The Young Generation (Junge Generation, JG) is the youth organisation of the South Tyrolean People's Party (SVP), a political party representing the German-speaking and Ladin-speaking population of South Tyrol, in Italy.

The Young Generation has about 6,000 members and is therefore the largest political youth organisation in South Tyrol and is the community of all party members of the SVP at the age of 14 to 30. The JG has about 100 local groups spread over the whole territory. President of the organisation is René Tumler, who was elected from the congress together with his deputies in March 2014. The JG is the youth branch of the SVP and wants to be the spokesman of the young people within the party.

The logo was restyled in spring 2010. The colours are black, white and red. The last two are the colours of the Tyrolean flag and represents the link of the youth organisation with the territory.

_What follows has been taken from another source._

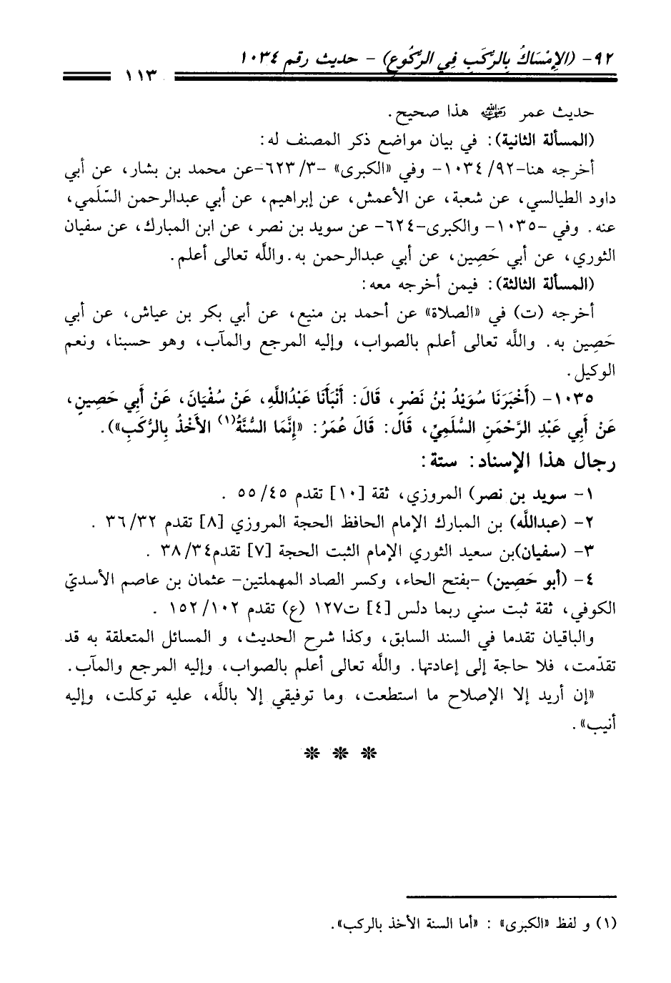 1035 - (أَخْبَرَنَا سُوَيْدُ بْنُ نَصْرٍ، قَالَ: أَنْبَأَنَا عَبْدُ اللَّهِ، عَنْ سُفْيَانَ، عَنْ أَبِي حَصِينٍ، عَنْ أَبِي عَبْدِ الرَّحْمَنِ السُّلَمِيِّ، قَالَ: قَالَ عُمَرُ: "إِنَّمَا السُّنَّةُ (¬1) الأَخْذُ بِالرُّكَبِ").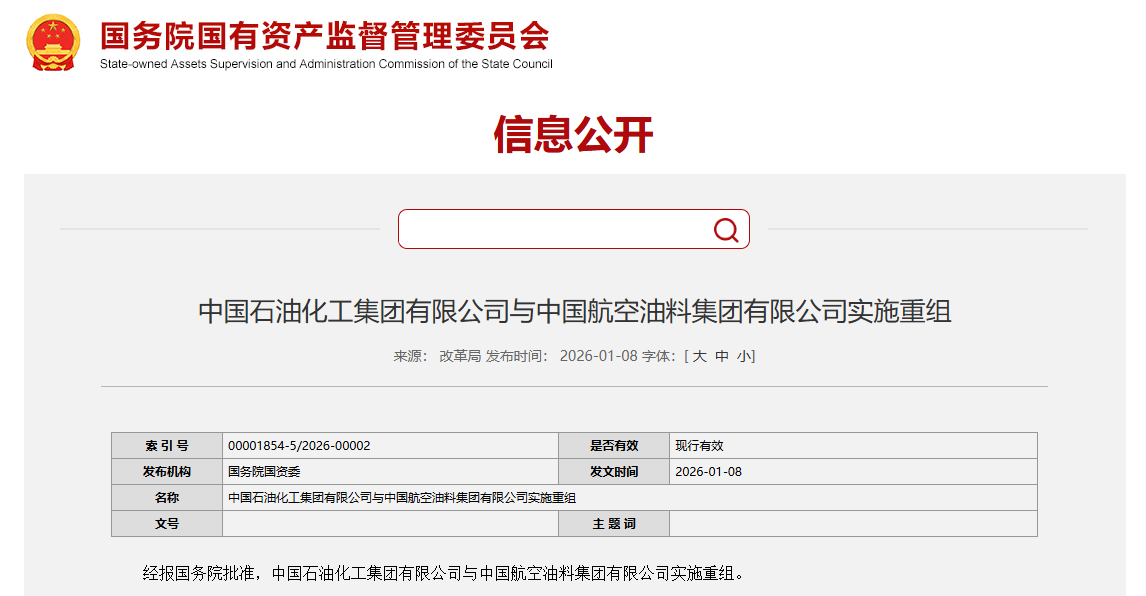 据国资委网站,经报国务院批准, 中国石油化工股份 集团有限公司与中国航空油料集团有限公司实施重组。

The Young Generation was founded as Youth of the SVP (SVP-Jugend) on 19 April 1970 during the first congress at the Waltherhaus in Bolzano. The first elected president was Hans Benedikter. Hans Bauer and Klaus Dubis were his deputies, Ferdinand Mussner was the Ladin deputy and Klaus Gruber was elected as secretary general. The creation of local groups began since 1966/67. Erich Spitaler was appointed in 1967 as president of the youth branch of the SVP and he was charged to develop the youth organisation. The first statute was adopted by the council of the mother party in 1968. The SVP-Jugend had a fast grow and in 1969 105 local groups and 244 local youth speaker were count.

The Young Generation is member of different international umbrella organisations, as the Youth of the European Peoples Party (YEPP), the Democrat Youth Community of Europe (DEMYC) and the Young Alps Region (Junge Alpenregion). The Young Generation is actively proposing resolutions within these international organisations.